Drilling activity is declining rapidly
The lack of drilling activity is evident from Venezuela’s rig count falling to its lowest level since 2003. This is causing decline rates at Venezuela’s all important mature oil fields are accelerating at a rapid rate. Naturally they decline at around 25% annually, highlighting the need for drilling and field development to maintain production but it is believed this will accelerate to 30% during 2018 and even higher in later years unless a sudden turnaround in the situation occurs.
The likelihood of any significant turnaround occurring is slim to nonexistent.
Sanctions will cause the crisis to worsen
Maduro continues to apply pressure to opposition groups and strengthen his own power, including overriding the opposition-led national assembly and replacing with his own 545 seat super assembly.
The U.S. believes that the only means of removing Maduro from power is to apply further pressure by implementing additional sanctions and has gone as far as alluding that a military coup is required. A coup nonetheless is highly unlikely because of the beneficial alliance that exists between Maduro’s government and the military.
The additional sanctions being considered are focused on restricting imports of Venezuelan crude as well as exports of U.S. naptha and light crude which are important diluents crucial to the processing of the heavy oil Venezuela produces.
While the U.S. is a crucial market for Venezuela with it accepting 39% of all exports including claiming just over a third of its oil production, they have been declining in recent months.
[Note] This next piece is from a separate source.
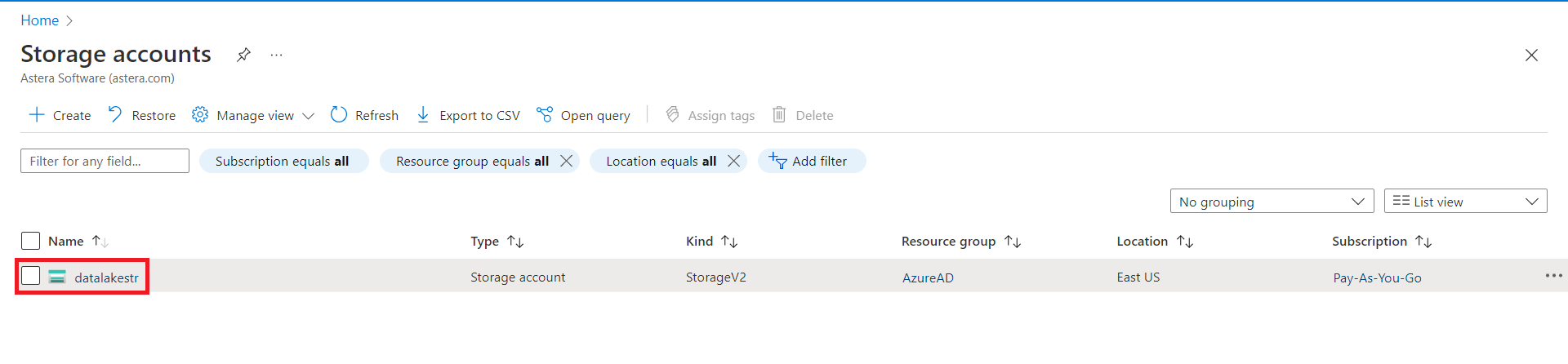 Note: We’ve chosen the datalakestr account in this case.

For January 2018, oil exports to the U.S. nose-dived 32% compared to the previous month and plummeted by 50% when compared to the same period in 2016. That sharp decline is already intensifying the impact of declining oil production on an economy where over half of its GDP and almost all export income comes from oil.
Nevertheless, the real impact is being felt by ordinary Venezuelans and not by the Maduro government. That impact would only worsen if the U.S. proceeded with the additional sanctions being discussed. Declining export income will only further reduce spending on critical maintenance for oil infrastructure causing decline rates to spiral ever higher, leading to even lower production.
For these reasons it is easy to see Venezuela’s oil production sinking far lower than the numbers being put out by Moody’s, Barclays and RBC Capital markets, to somewhere around 1.1 million barrels daily. Analysts from Citibank have formed a similar view warning it could fall to as low as one million barrels daily during 2018. Such a significant decline in a world where energy markets have rebalanced would constitute an unexpected supply shock, buoying oil prices and potentially leading OPEC and Russia to reconsider the mechanics of their deal on production cuts.